De leden van de FVD-fractie vragen of de regering van mening is dat de verlaging van de prijzen voor geneesmiddelen een groot risico voor de beschikbaarheid van medicijnen met zich mee zal brengen, aangezien Nederland binnen de EU behoort tot het land met bijna de laagste geneesmiddelenprijzen.
Voor zover er een verband zou zijn tussen tekorten en (te) lage prijzen, ben ik van mening dat het risico dat de voorgestelde aanpassing van de Wgp hieraan zal bijdragen beperkt is. De inkoopprijzen bij generieke geneesmiddelen liggen immers veelal lager dan de maximumprijzen op grond van de Wgp.1 De rol van de Wgp in de prijsvorming van generieken is dus beperkt. De Wgp is met name nog een belangrijk instrument voor de prijsvorming van spécialités. Met het voorliggende wetsvoorstel streef ik daarom naar een lager gemiddeld prijsniveau voor met name spécialité geneesmiddelen. Openbare informatie over het gemiddelde prijsniveau voor spécialités in een representatieve selectie van Europese landen laat zien dat het prijsniveau in Nederland voor spécialités op dit moment (ruim) boven het Europese gemiddelde ligt.2 Voor spécialités geldt dus niet dat Nederland binnen de Europese Unie (EU) behoort tot de groep landen met bijna de laagste geneesmiddelenprijzen.

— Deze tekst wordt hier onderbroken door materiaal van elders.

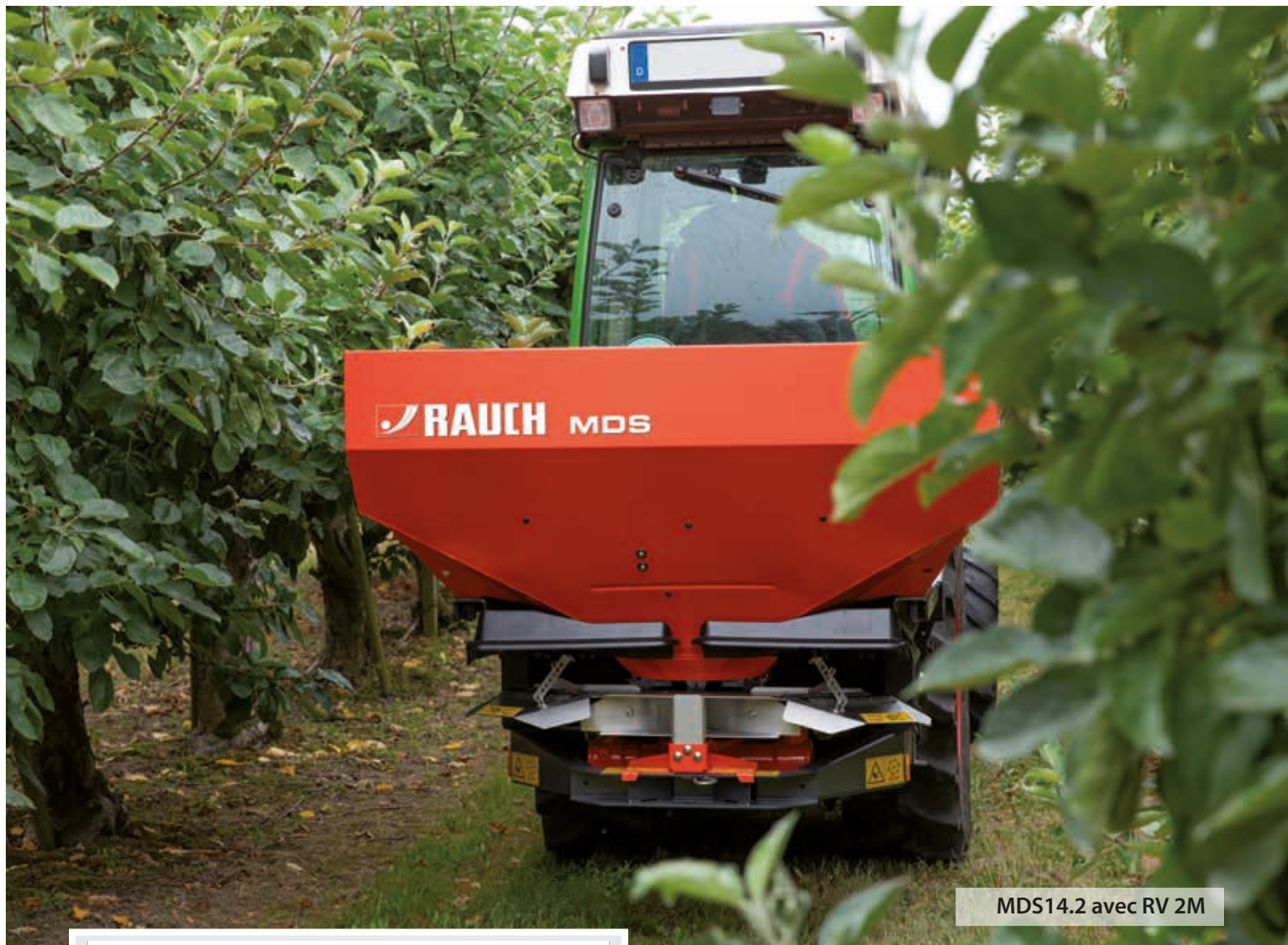
MDS14.2 avec RV 2M

Ik streef naar een gemiddeld prijsniveau voor spécialités dat een betere benadering is van het gemiddelde Europese prijsniveau. Ik streef dus uitdrukkelijk niet naar de laagst mogelijke prijs. Ook na de voorliggende aanpassing van de Wgp worden alleen geneesmiddelenprijzen van vier met Nederland vergelijkbare landen meegewogen bij de vaststelling van de maximumprijzen. Hierdoor wordt gewaarborgd dat ook na de wetswijziging in beginsel redelijke maximumprijzen gelden voor geneesmiddelen in Nederland. Het risico voor de (tijdige) beschikbaarheid van geneesmiddelen door te lage prijzen is daarmee beperkt.

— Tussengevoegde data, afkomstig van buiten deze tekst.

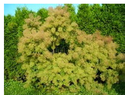
Árbol del humo ó árbol de la pelucas.

Nombre común: Árbol de las pelucas , árbol del humo, fustete.
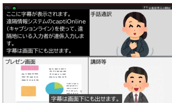
画面イメージ（手話通訳・文字通訳を用意します）
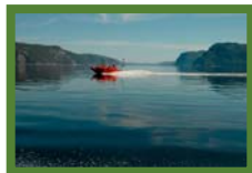
Martin Thibeault © SÉPAQ
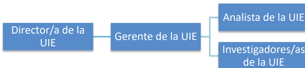
Ilustración 1. Estructura de la Unidad de Investigaciones Especiales.

El analista de la UIE realiza la recopilación y el análisis preliminar de datos para las investigaciones que llevarán a cabo los investigadores de la UIE. Cuando llegan los resultados de la investigación preliminar de los analistas de la UIE, los investigadores evalúan los historiales clínicos y realizan las investigaciones finales. La ilustración muestra la organización de la UIE.
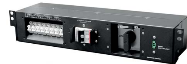
Conmutador de Bypass de mantenimiento
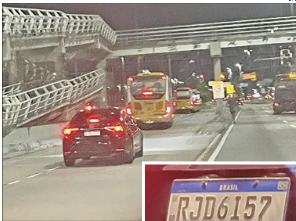
Veículo com placa reservada transitando em faixa exclusiva do BRT
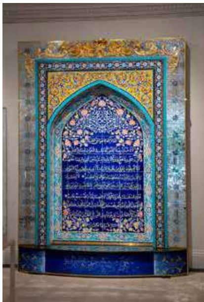
Une khirqa (manteau des soufis) et un mihrab sont exposés au sein du musée.

« Le soufisme n'est pas une religion, mais un courant spirituel »,

Voorts vragen deze leden of de regering kan uitleggen wanneer zij de effecten van deze wetswijziging succesvol acht. Wat zijn de meetpunten? Is de regering ook bereid om nader onderzoek te doen naar de gevolgen van de wijziging van de Wgp voor de beschikbaarheid van geneesmiddelen, zowel met betrekking tot geneesmiddelentekorten als het later beschikbaar zijn van geneesmiddelen door een gebrek aan studies? Gaat de regering een nulmeting uitvoeren om de effecten van de wetswijziging daadwerkelijk te meten? Met behulp van welke parameters zal deze nulmeting worden uitgevoerd?
Zoals voorzien in het wetsvoorstel, zal ik binnen drie jaar na de inwerkingtreding de Staten-Generaal een verslag sturen over de effecten van deze wetswijzing voor de prijzen en beschikbaarheid van geneesmiddelen in Nederland.
Ik zal de effecten van de aanpassing van de Wgp op de prijzen van geneesmiddelen monitoren. Deze financiële monitor zal worden uitgevoerd in samenwerking met de Stichting Farmaceutische Kengetallen. In 2020 kan bij benadering worden berekend wat de effecten zijn geweest op de prijzen in Nederland, door de (gewijzigde prijzen) van april 2020 te vergelijken met de prijzen vastgesteld per oktober 2019. Hierbij gaat het zowel om de maximale prijzen op basis van de Wgp, als de openbare apotheekinkoopprijzen en de gedeclareerde prijzen. Bovendien geldt dat ook na 2020 jaarlijks de ontwikkeling van de uitgaven aan Farmaceutische Zorg (extramuraal) en add-on geneesmiddelen (intramuraal) op reguliere wijze gevolgd zullen worden. Ik streef met de voorgestelde aanpassing van de Wgp naar een gemiddeld prijsniveau voor spécialités dat een betere benadering is van het gemiddelde Europese prijsniveau. Dit zou moeten leiden tot een geschatte besparing vanaf 2020 op structureel € 160 miljoen op jaarbasis voor extramurale geneesmiddelen en op structureel € 140 miljoen op jaarbasis voor intramurale geneesmiddelen.3 Het realiseren van de verwachte besparingen is voor mij een meetpunt voor de uitkomsten van deze wetswijziging, evenals het realiseren van gemiddelde prijzen voor spécialités die het Europees gemiddelde beter benaderen.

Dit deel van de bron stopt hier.